◆ TASK INSTRUCTIONS ◆
What you should give back is a precise copy of the lines below from the one containing "En la Tabla" through the one containing "第二局:各种单杀全面碾压,下", with no pictures.

──────── TASK MATERIAL ────────

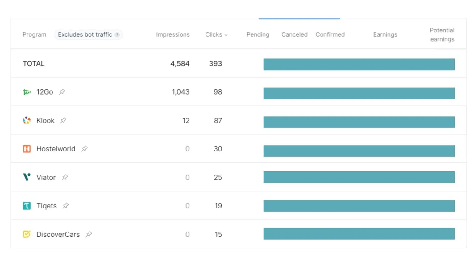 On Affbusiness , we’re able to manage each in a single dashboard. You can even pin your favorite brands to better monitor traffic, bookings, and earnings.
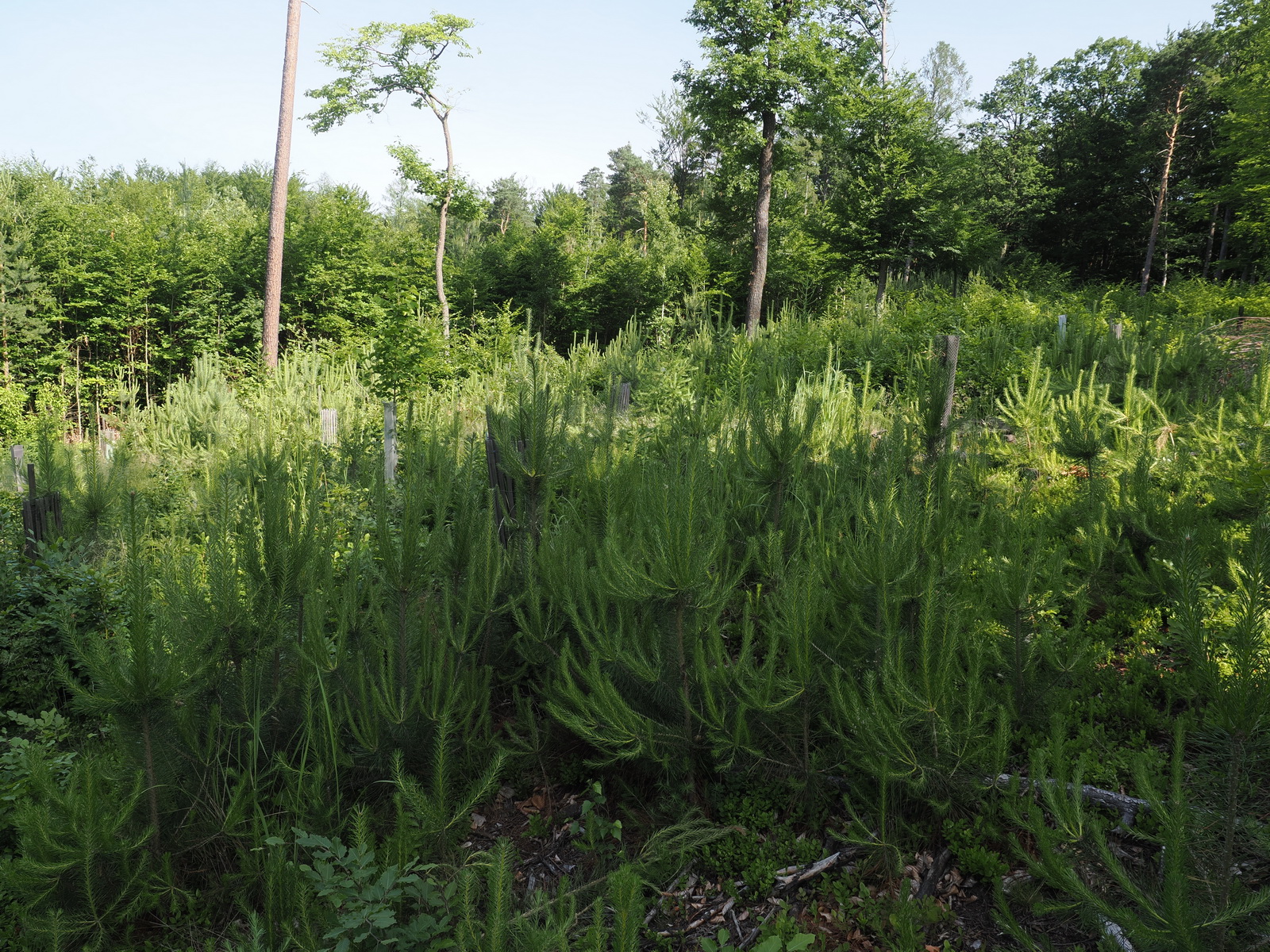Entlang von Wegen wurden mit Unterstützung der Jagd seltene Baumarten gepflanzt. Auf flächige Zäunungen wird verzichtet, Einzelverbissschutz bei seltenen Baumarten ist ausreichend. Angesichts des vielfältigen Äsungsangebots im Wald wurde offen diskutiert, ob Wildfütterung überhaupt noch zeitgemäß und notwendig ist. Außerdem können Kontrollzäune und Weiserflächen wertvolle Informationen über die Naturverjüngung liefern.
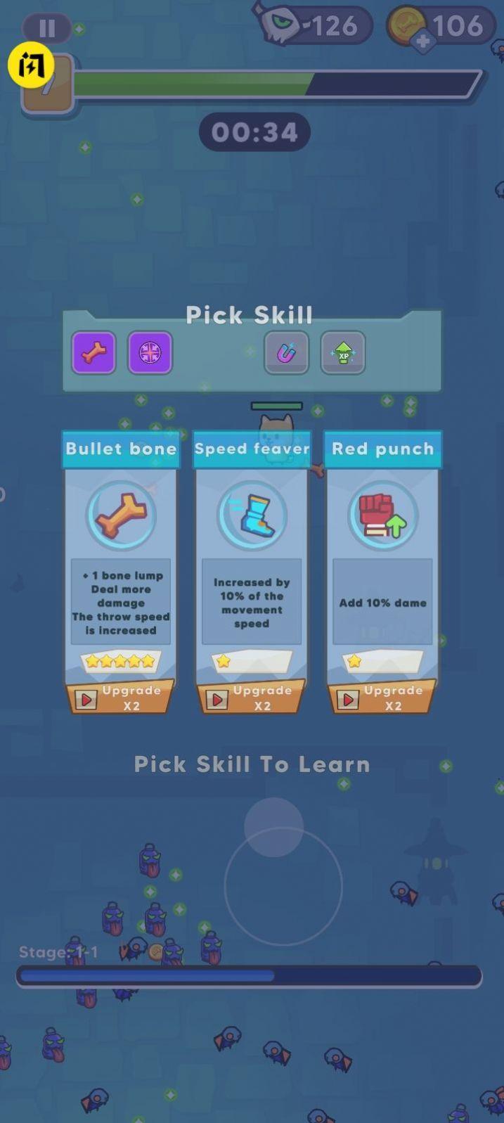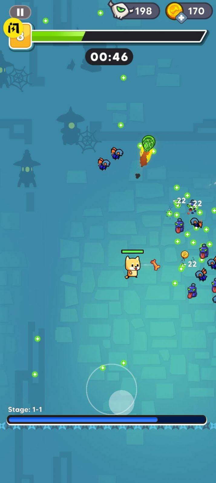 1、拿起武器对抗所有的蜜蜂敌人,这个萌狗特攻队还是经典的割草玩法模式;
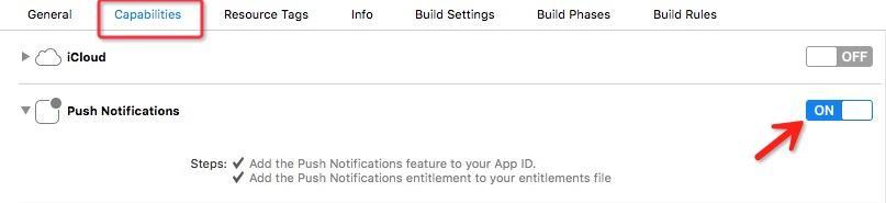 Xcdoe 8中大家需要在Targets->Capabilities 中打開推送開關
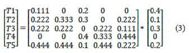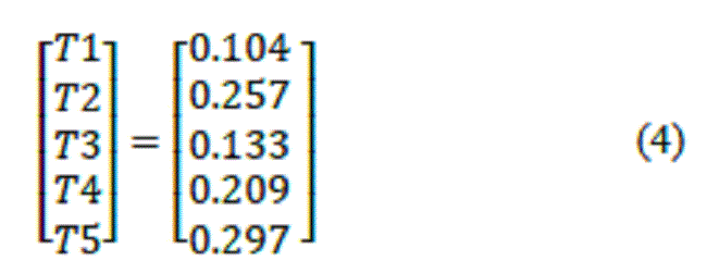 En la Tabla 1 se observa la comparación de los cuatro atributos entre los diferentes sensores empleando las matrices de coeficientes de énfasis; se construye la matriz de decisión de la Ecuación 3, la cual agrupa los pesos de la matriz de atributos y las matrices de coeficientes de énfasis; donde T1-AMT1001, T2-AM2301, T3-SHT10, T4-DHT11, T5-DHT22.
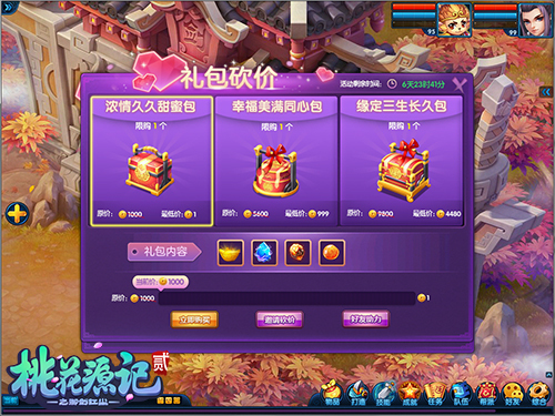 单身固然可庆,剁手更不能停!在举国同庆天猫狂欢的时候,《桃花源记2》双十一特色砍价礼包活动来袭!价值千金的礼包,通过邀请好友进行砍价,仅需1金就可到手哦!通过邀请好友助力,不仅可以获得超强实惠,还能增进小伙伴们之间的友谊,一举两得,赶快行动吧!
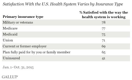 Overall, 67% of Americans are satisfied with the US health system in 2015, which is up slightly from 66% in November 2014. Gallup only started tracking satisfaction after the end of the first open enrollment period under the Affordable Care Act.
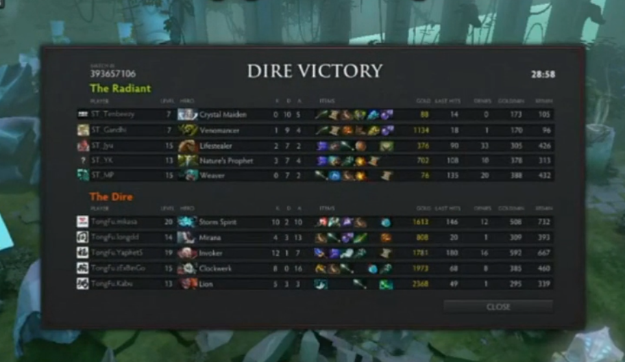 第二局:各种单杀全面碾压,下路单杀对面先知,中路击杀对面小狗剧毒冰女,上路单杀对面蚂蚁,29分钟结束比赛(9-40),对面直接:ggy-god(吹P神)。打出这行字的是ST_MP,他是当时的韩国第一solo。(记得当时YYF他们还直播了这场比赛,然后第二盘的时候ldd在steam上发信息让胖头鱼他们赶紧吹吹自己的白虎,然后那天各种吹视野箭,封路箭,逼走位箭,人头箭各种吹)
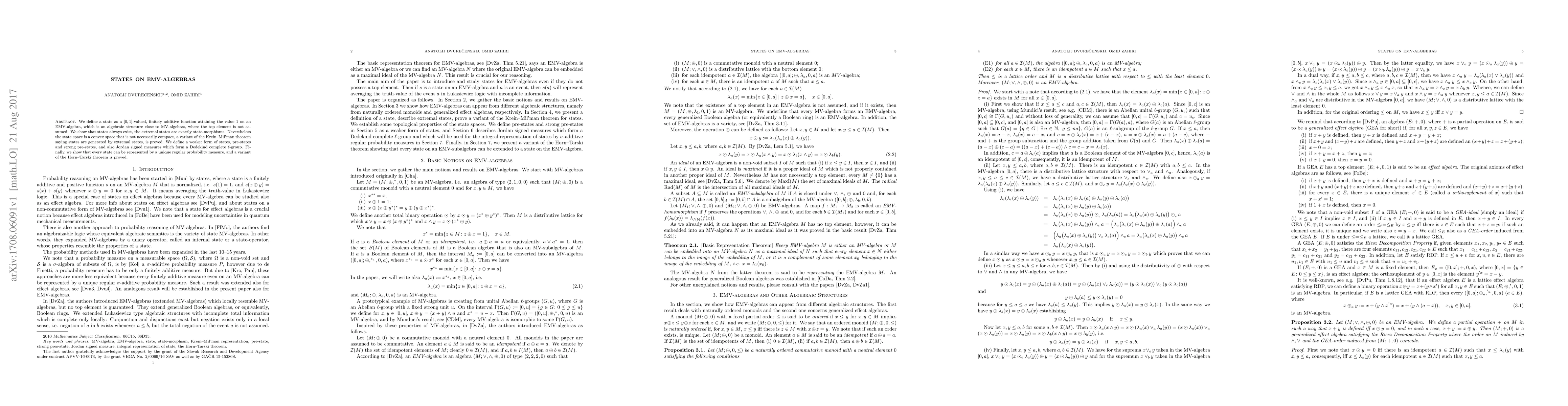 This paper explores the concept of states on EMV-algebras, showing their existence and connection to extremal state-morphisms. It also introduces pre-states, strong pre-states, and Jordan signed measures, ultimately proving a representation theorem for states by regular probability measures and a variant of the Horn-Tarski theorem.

────────
──────── TASK MATERIAL ────────

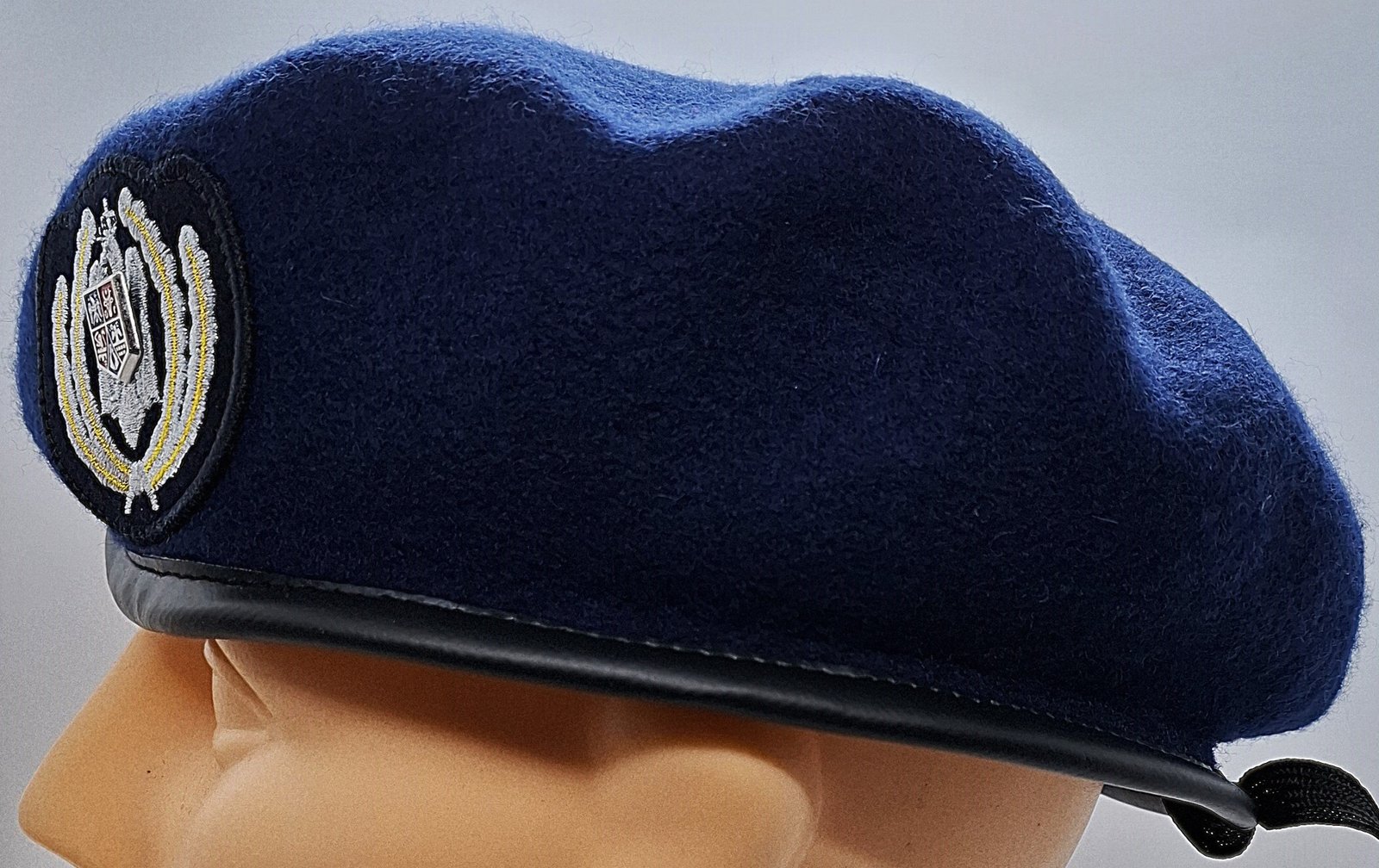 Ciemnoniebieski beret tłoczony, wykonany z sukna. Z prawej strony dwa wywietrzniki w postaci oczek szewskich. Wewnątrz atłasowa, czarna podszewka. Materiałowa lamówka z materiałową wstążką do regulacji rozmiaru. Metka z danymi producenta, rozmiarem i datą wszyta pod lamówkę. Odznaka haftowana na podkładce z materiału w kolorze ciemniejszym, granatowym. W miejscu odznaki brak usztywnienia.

────────

◆ ANSWER ◆
 En la Tabla 1 se observa la comparación de los cuatro atributos entre los diferentes sensores empleando las matrices de coeficientes de énfasis; se construye la matriz de decisión de la Ecuación 3, la cual agrupa los pesos de la matriz de atributos y las matrices de coeficientes de énfasis; donde T1-AMT1001, T2-AM2301, T3-SHT10, T4-DHT11, T5-DHT22.
 单身固然可庆,剁手更不能停!在举国同庆天猫狂欢的时候,《桃花源记2》双十一特色砍价礼包活动来袭!价值千金的礼包,通过邀请好友进行砍价,仅需1金就可到手哦!通过邀请好友助力,不仅可以获得超强实惠,还能增进小伙伴们之间的友谊,一举两得,赶快行动吧!
 Overall, 67% of Americans are satisfied with the US health system in 2015, which is up slightly from 66% in November 2014. Gallup only started tracking satisfaction after the end of the first open enrollment period under the Affordable Care Act.
 第二局:各种单杀全面碾压,下路单杀对面先知,中路击杀对面小狗剧毒冰女,上路单杀对面蚂蚁,29分钟结束比赛(9-40),对面直接:ggy-god(吹P神)。打出这行字的是ST_MP,他是当时的韩国第一solo。(记得当时YYF他们还直播了这场比赛,然后第二盘的时候ldd在steam上发信息让胖头鱼他们赶紧吹吹自己的白虎,然后那天各种吹视野箭,封路箭,逼走位箭,人头箭各种吹)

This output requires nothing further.